┌────────
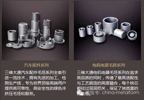 中日合作浙江三维大通冷挤压有限公司(原海盐三维冷挤压成型有限公司)是目前中国集冷挤压、冷锻、冷温精锻技术与一体的最专业、产品质量一流的国家高新技术企业。 主要产品
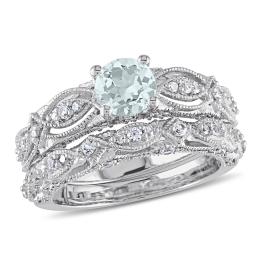 Julianna B 10K White Gold Aquamarine Created White Sapphire Diamond Bridal Set
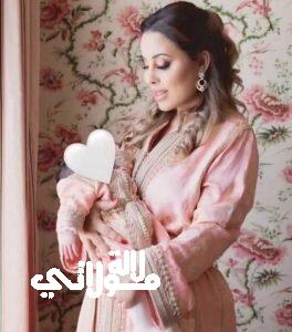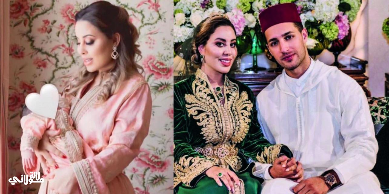 وظهرت الأميرة لالة نهيلة بوشنتوف بصورة جديدة لها وهي تحمل مولودتها لالة مرجانة وترتدي قفطانا مغربيا باللون الوردي نفسه ألبسته لمولودتها الجديدة.
└────────
* [About this exercise]
All lines above must be repeated exactly, and the pictures must be omitted.

* [Answer to this problem]
 中日合作浙江三维大通冷挤压有限公司(原海盐三维冷挤压成型有限公司)是目前中国集冷挤压、冷锻、冷温精锻技术与一体的最专业、产品质量一流的国家高新技术企业。 主要产品
 Julianna B 10K White Gold Aquamarine Created White Sapphire Diamond Bridal Set
 وظهرت الأميرة لالة نهيلة بوشنتوف بصورة جديدة لها وهي تحمل مولودتها لالة مرجانة وترتدي قفطانا مغربيا باللون الوردي نفسه ألبسته لمولودتها الجديدة.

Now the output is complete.